Nothing but the lines from the one with "Купить Набор головок" through the end of the listing should be reproduced, each exactly and with pictures omitted.

==== Collected data

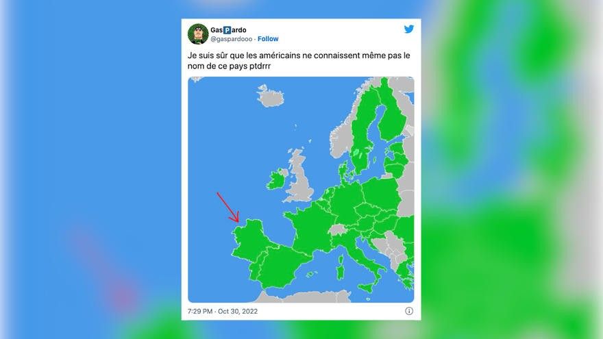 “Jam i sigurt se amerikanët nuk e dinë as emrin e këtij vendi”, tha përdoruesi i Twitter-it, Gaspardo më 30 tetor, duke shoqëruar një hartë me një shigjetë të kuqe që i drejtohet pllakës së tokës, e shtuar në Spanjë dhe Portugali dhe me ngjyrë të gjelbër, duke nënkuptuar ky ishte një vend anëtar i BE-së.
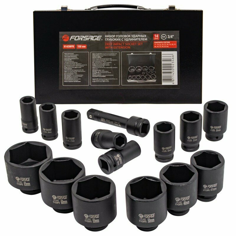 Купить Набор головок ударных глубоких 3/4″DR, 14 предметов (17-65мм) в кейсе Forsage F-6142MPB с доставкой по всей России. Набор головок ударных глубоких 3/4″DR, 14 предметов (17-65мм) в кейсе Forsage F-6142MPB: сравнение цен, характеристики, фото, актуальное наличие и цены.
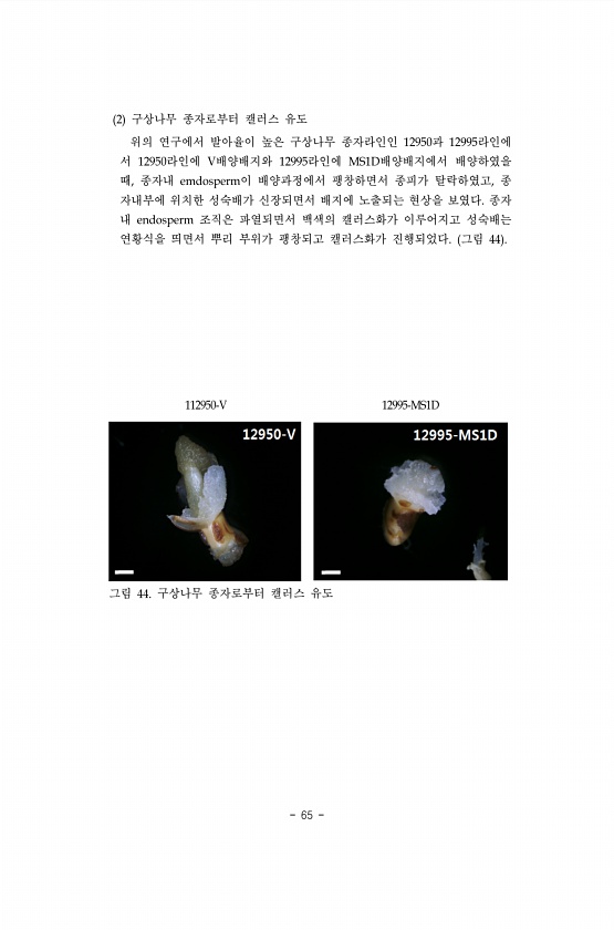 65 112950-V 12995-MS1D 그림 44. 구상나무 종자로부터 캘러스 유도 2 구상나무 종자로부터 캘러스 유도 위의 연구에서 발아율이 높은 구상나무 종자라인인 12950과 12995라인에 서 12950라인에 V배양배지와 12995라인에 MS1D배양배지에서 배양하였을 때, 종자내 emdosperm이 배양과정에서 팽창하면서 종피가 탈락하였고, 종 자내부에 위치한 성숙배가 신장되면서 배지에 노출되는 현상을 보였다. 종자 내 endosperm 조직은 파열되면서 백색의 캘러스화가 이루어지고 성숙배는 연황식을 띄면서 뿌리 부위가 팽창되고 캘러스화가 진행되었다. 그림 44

========

Result for this task:
 Купить Набор головок ударных глубоких 3/4″DR, 14 предметов (17-65мм) в кейсе Forsage F-6142MPB с доставкой по всей России. Набор головок ударных глубоких 3/4″DR, 14 предметов (17-65мм) в кейсе Forsage F-6142MPB: сравнение цен, характеристики, фото, актуальное наличие и цены.
 65 112950-V 12995-MS1D 그림 44. 구상나무 종자로부터 캘러스 유도 2 구상나무 종자로부터 캘러스 유도 위의 연구에서 발아율이 높은 구상나무 종자라인인 12950과 12995라인에 서 12950라인에 V배양배지와 12995라인에 MS1D배양배지에서 배양하였을 때, 종자내 emdosperm이 배양과정에서 팽창하면서 종피가 탈락하였고, 종 자내부에 위치한 성숙배가 신장되면서 배지에 노출되는 현상을 보였다. 종자 내 endosperm 조직은 파열되면서 백색의 캘러스화가 이루어지고 성숙배는 연황식을 띄면서 뿌리 부위가 팽창되고 캘러스화가 진행되었다. 그림 44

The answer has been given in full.